Mr. Cromie would like to comment on the ten-year plan.

Mr. Andrew Cromie

Deputy Barry asked about the ten-year plan. Let me give one example. With Teagasc, we are currently establishing a next-generation dairy herd. Mr. Dillon and his team have 200 animals with an average EBI figure of 210, the highest in the country. This herd is important as a national resource because it is ten years ahead of the average. As from next year, when those cows calve down, all of the relevant data thereon will be collected. All the really important economic traits that dairy farmers cannot record routinely will be collected, including data that are difficult to record, such as the incidence of mastitis and lameness, live weights, greenhouse gases and efficiency. With our genetic indices, we need to have the correct data collected and imported into economy-related and profitability indices that will take the industry in the right direction. The last thing we want is to return here in some years only to say we are not making the predicted genetic gain at all because we forgot to measure two or three traits that will have proven to be more important than originally envisaged. This was the case with fertility for many years.

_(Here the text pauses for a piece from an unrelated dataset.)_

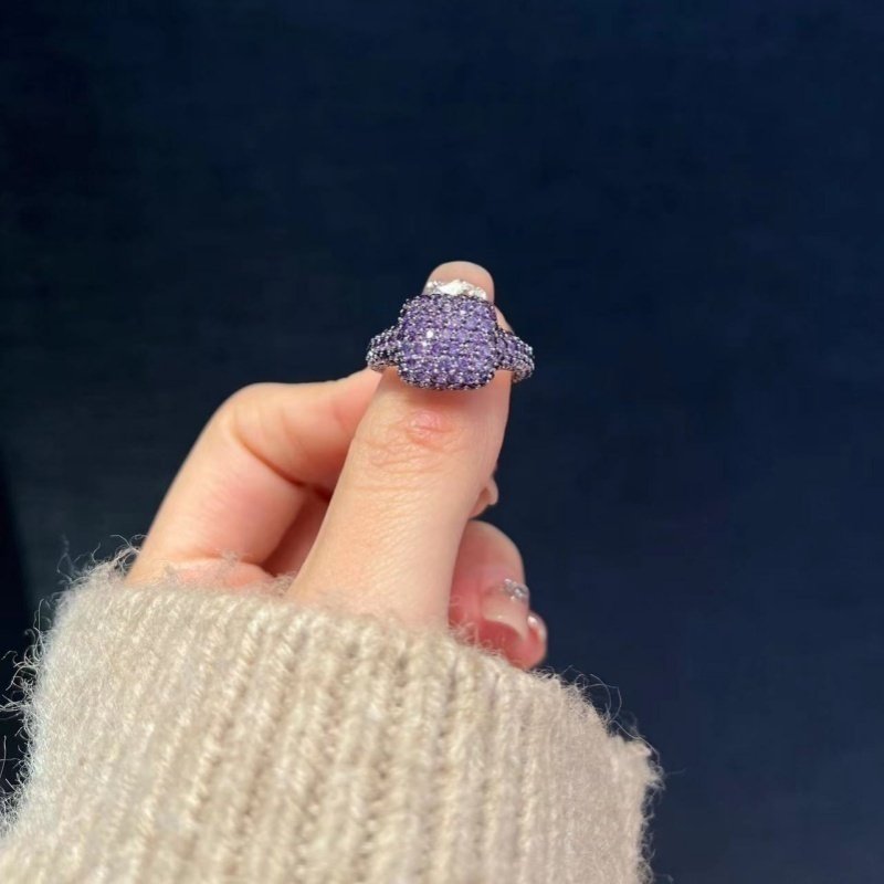 📚 【明星同款】前卫紫色方形戒指女轻奢时尚高级感红红紫紫指环送礼

We are working with Teagasc in the context of our ten-year plan. We will also be working in this regard in the beef industry. The key is that new data will be identified that dairy and beef farmers will have to record in the future. We will need to include the data in international databases to generate genetic evaluations and management reports for the industry. With regard to our getting caught up in the discussion on how the data should be entered into the database and who should have what role, I agree entirely with Dr. Kelly that we must avoid precluding ourselves from encountering constraints or otherwise in this area. This is because if something results in a stopping of work on the fundamental material, one effectively stops the industry from growing and driving profitability.

Mr. Seán Coughlan

My understanding is that the proceedings today are being communicated via a live webcast. This committee is not a software company, yet it is communicating using a technology. Similarly, we are a breeding information company and, although we are not a software company, we communicate via various technologies.

That answer is comprehensive but the questions needed to have been asked and answered. Mr. Doran highlighted a fact I have identified myself, to do with calving intervals. It is a shock to the system when one reads about it first. The first thing one does is put one's head in the sand and go into denial. However, that will not last too long.

I thank the representatives of both organisations for attending and presenting us with a clear picture of how data are gathered, evaluated and disseminated for use. The delegates have given us much information today. I am not quite sure what we will do next but we will certainly consider everything and summarise the outcome of the past two sessions with a view to determining how to proceed.

The joint committee adjourned at 2.05 p.m. until 10 a.m. on Thursday, 25 October 2012.